• Task: All lines in the records below from the line with "Мощность — 2050" through the line with "Heute Nachmittag zieht" are to be given again exactly, both ends included; the pictures are to be left out.

• Input:

★ ★ ★ ★

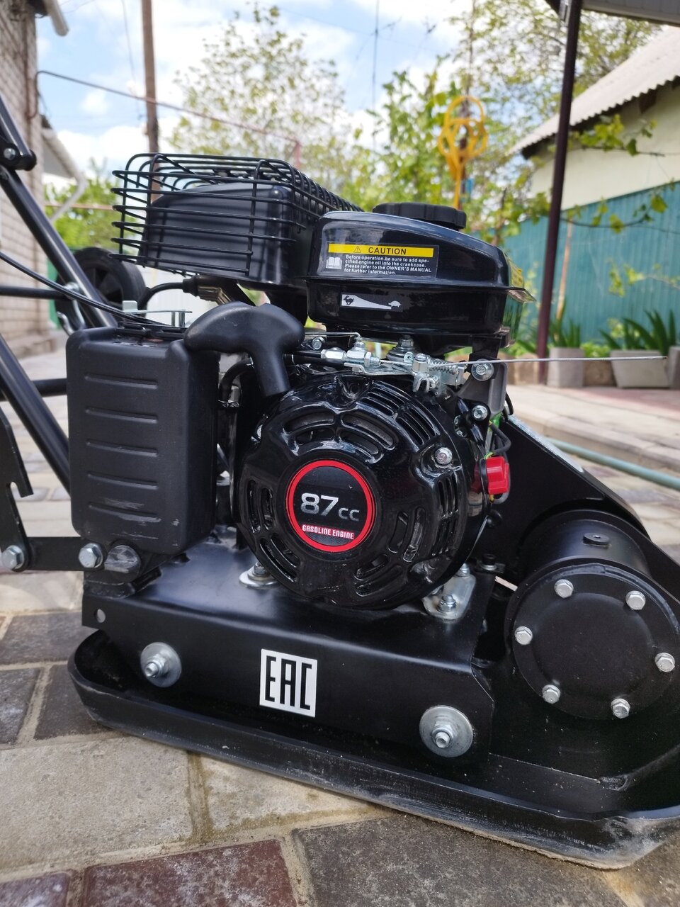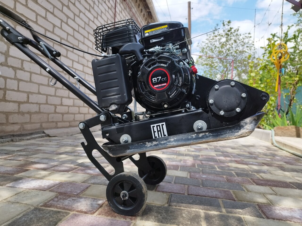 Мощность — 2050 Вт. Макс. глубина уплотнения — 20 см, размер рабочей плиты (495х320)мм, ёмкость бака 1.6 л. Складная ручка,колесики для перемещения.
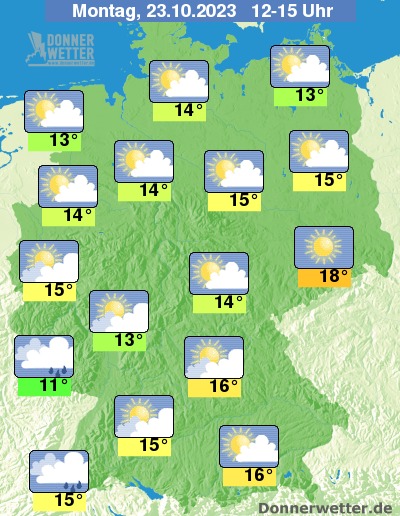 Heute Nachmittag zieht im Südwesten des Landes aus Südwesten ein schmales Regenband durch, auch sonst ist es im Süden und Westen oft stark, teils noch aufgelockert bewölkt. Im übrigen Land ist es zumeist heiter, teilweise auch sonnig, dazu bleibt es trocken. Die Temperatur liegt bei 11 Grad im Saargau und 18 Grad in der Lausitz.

★ ★ ★ ★

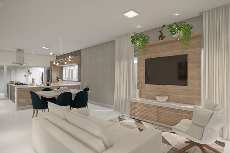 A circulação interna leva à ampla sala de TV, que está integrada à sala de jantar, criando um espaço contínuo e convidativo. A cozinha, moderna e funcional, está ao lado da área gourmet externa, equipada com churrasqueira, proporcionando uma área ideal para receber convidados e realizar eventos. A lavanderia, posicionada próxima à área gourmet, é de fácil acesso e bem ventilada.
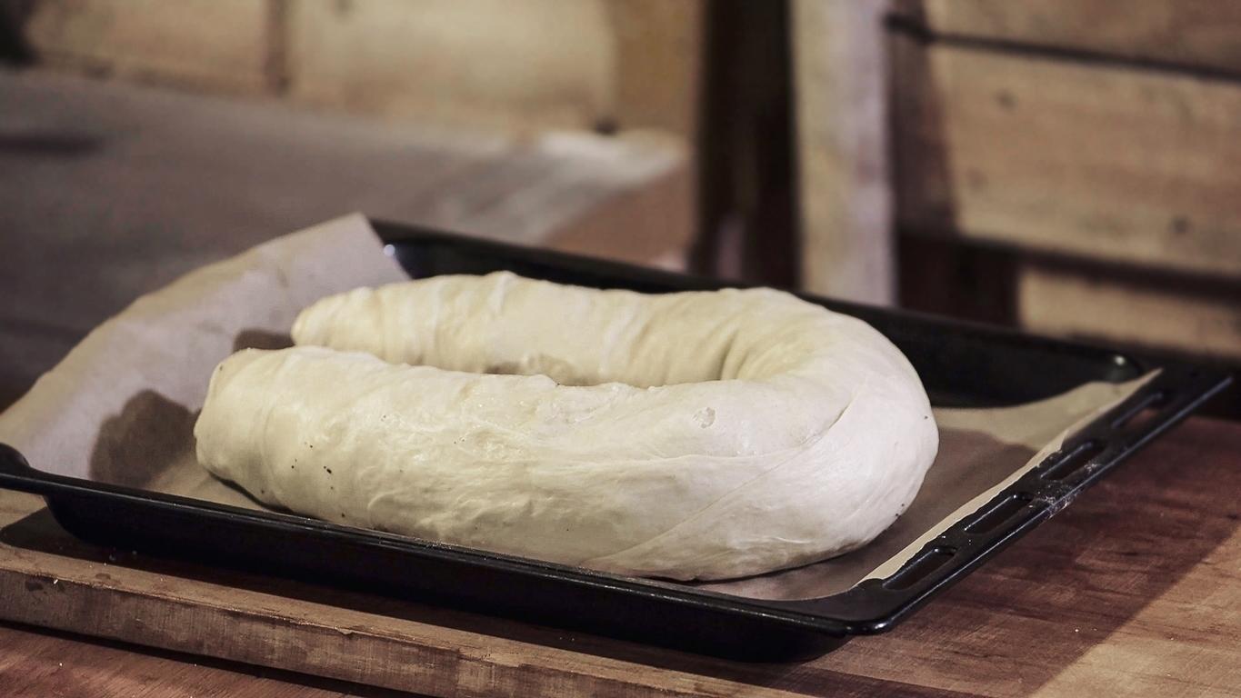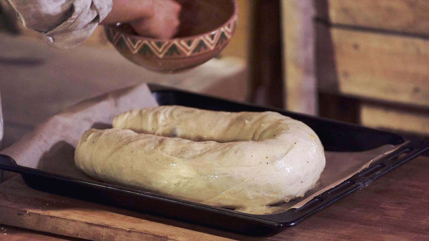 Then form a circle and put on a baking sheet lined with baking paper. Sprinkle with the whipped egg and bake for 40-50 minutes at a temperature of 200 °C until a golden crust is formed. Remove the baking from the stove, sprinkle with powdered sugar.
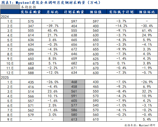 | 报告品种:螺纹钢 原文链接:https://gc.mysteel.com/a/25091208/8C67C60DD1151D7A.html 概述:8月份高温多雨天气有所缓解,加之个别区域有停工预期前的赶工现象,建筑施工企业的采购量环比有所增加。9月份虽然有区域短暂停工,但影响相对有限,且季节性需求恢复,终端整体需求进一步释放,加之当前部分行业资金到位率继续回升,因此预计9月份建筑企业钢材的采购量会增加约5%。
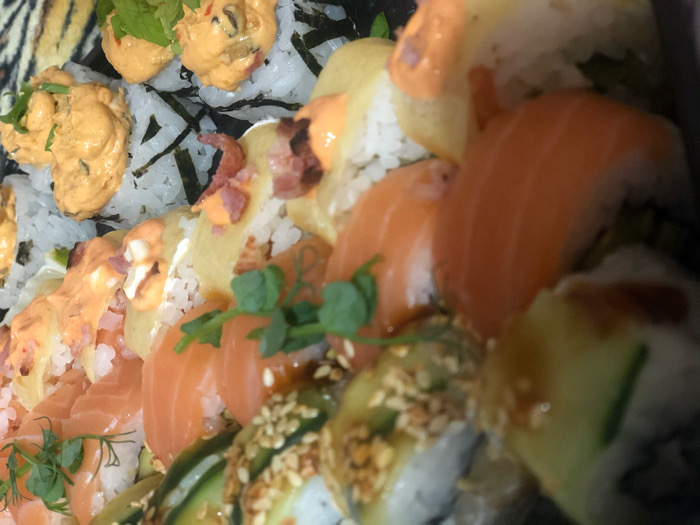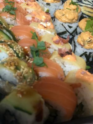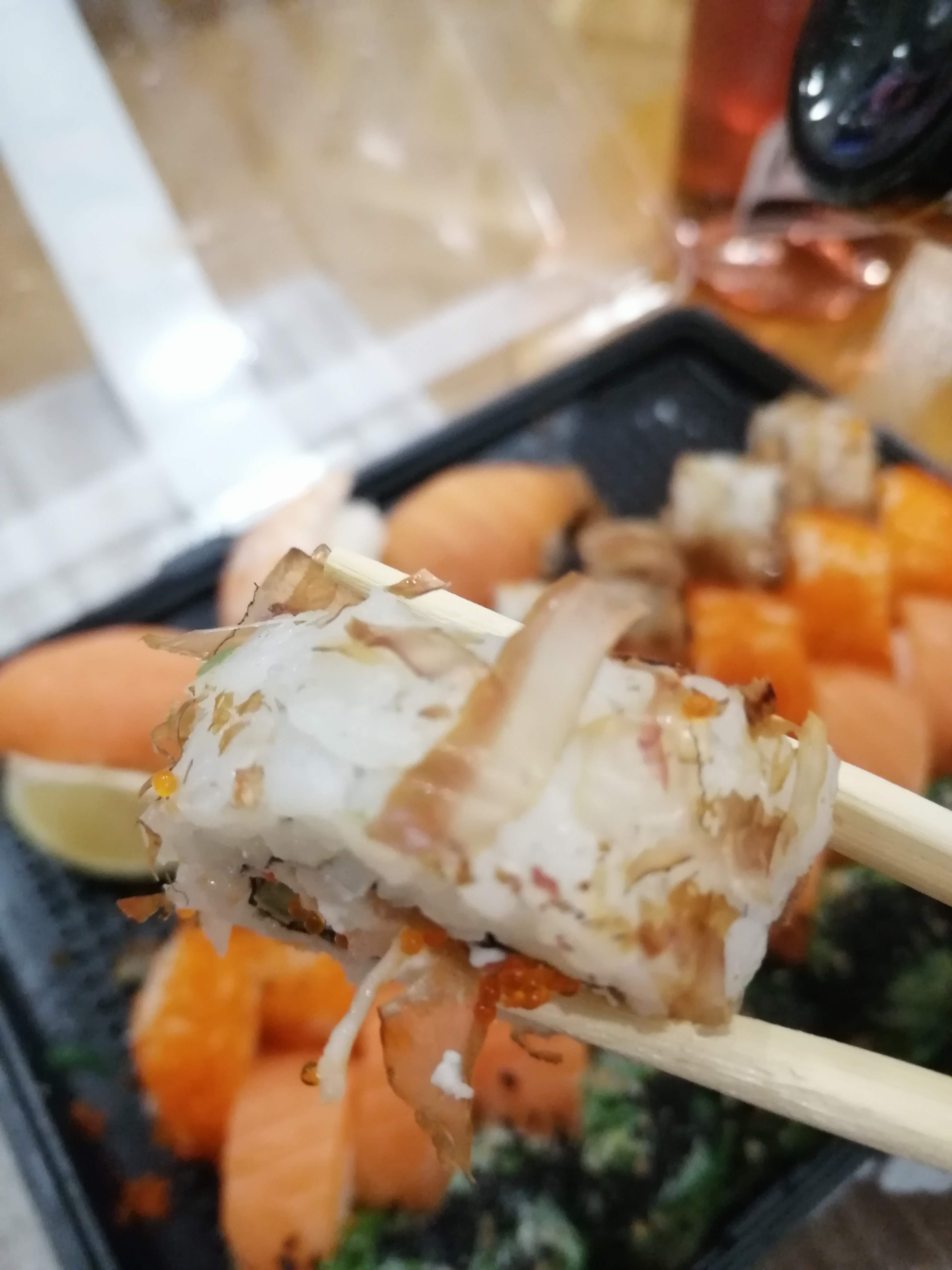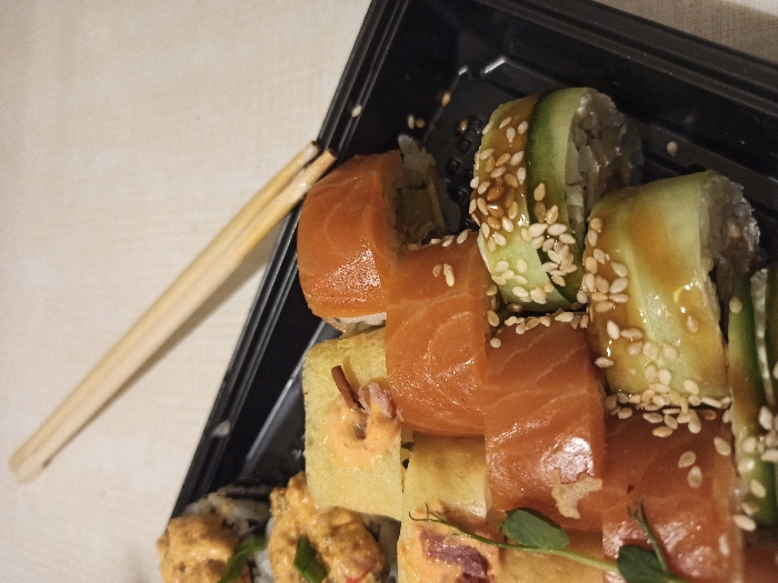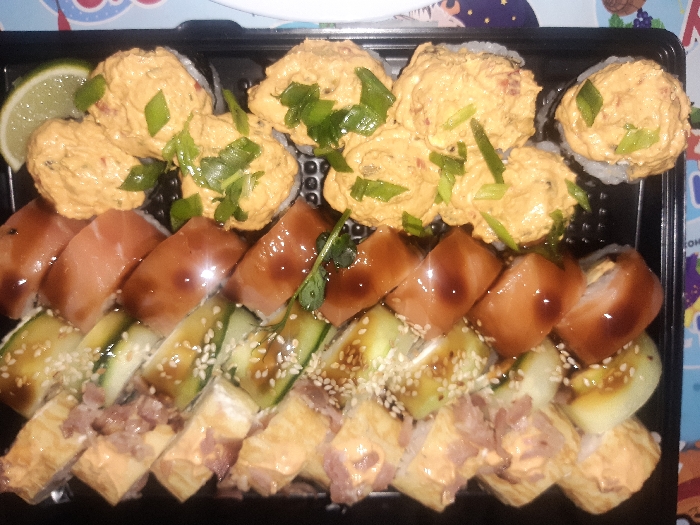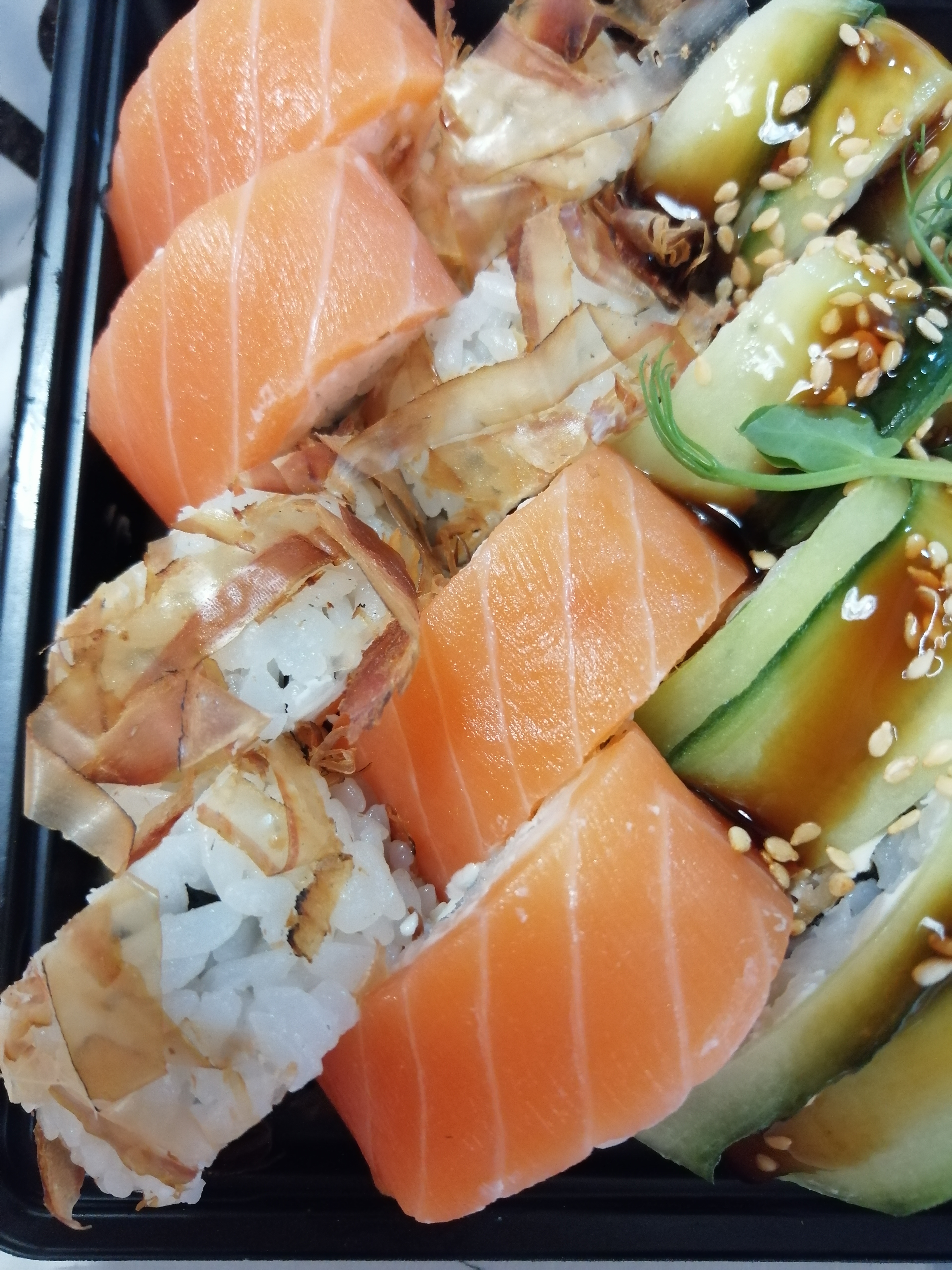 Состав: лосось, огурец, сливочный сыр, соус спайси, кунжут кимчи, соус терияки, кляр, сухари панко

★ ★ ★ ★

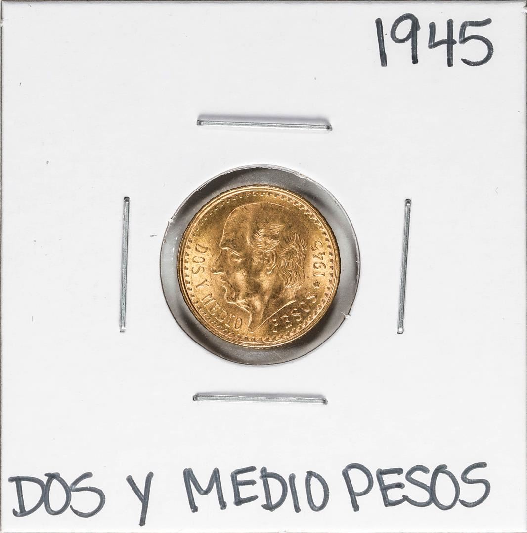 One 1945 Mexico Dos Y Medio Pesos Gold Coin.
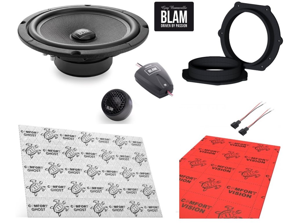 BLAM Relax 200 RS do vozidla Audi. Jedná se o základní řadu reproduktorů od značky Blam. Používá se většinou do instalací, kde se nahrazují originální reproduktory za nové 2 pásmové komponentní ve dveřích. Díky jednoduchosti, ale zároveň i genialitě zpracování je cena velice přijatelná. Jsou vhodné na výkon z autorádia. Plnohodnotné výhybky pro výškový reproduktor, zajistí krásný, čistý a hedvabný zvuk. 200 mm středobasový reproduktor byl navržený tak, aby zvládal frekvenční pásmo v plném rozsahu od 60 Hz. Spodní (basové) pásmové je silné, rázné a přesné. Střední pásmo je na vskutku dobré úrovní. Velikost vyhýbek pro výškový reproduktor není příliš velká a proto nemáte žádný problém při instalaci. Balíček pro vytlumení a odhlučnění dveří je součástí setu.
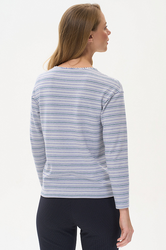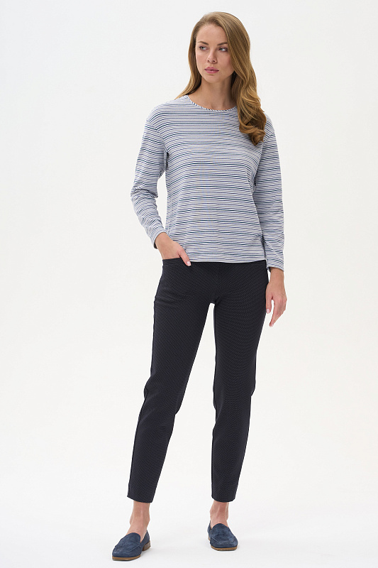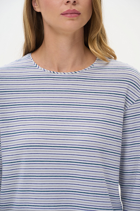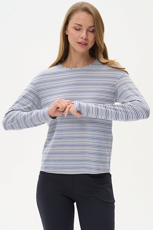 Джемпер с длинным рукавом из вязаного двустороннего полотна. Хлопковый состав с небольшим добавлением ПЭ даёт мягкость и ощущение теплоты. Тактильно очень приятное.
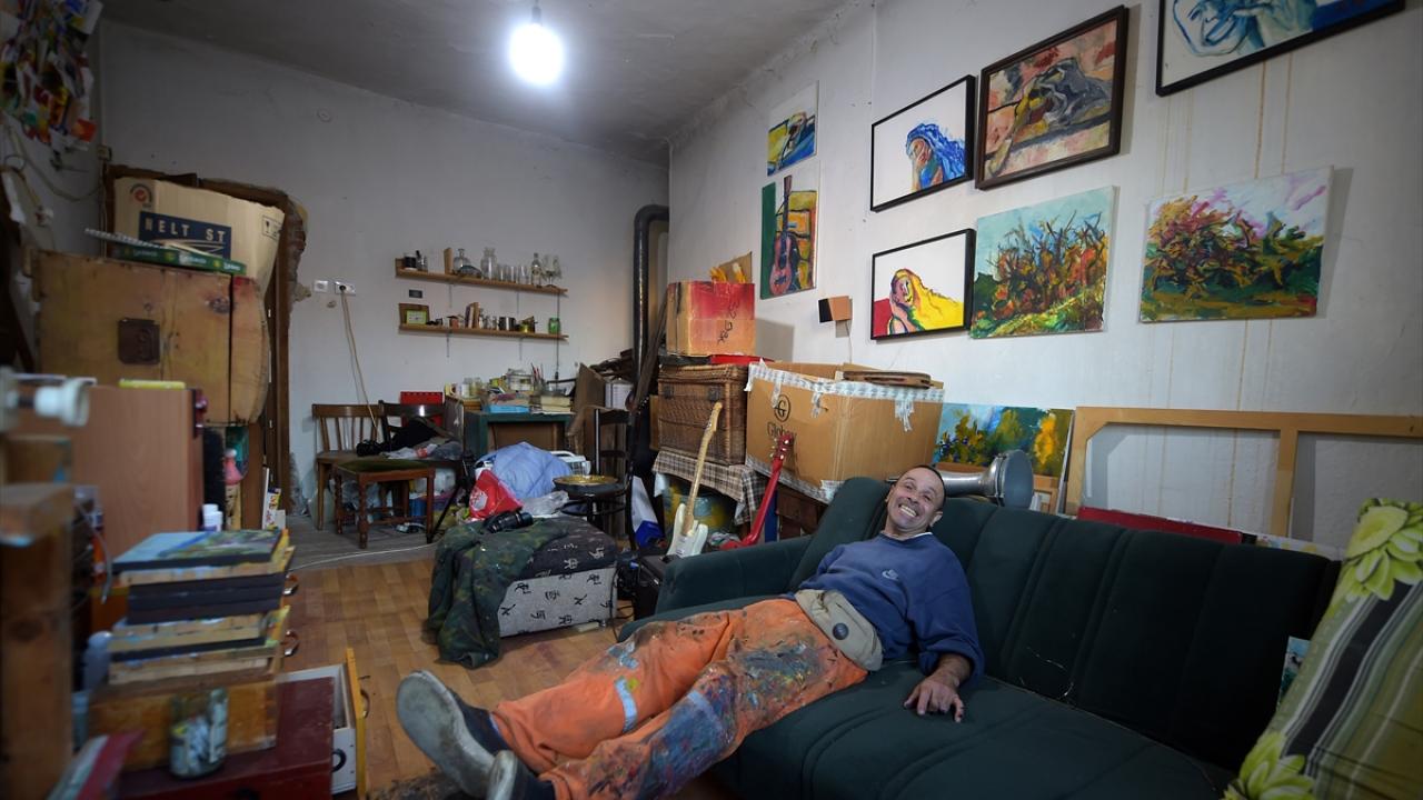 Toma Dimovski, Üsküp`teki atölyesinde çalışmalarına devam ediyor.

★ ★ ★ ★

• Answer to this exercise:
 Мощность — 2050 Вт. Макс. глубина уплотнения — 20 см, размер рабочей плиты (495х320)мм, ёмкость бака 1.6 л. Складная ручка,колесики для перемещения.
 Heute Nachmittag zieht im Südwesten des Landes aus Südwesten ein schmales Regenband durch, auch sonst ist es im Süden und Westen oft stark, teils noch aufgelockert bewölkt. Im übrigen Land ist es zumeist heiter, teilweise auch sonnig, dazu bleibt es trocken. Die Temperatur liegt bei 11 Grad im Saargau und 18 Grad in der Lausitz.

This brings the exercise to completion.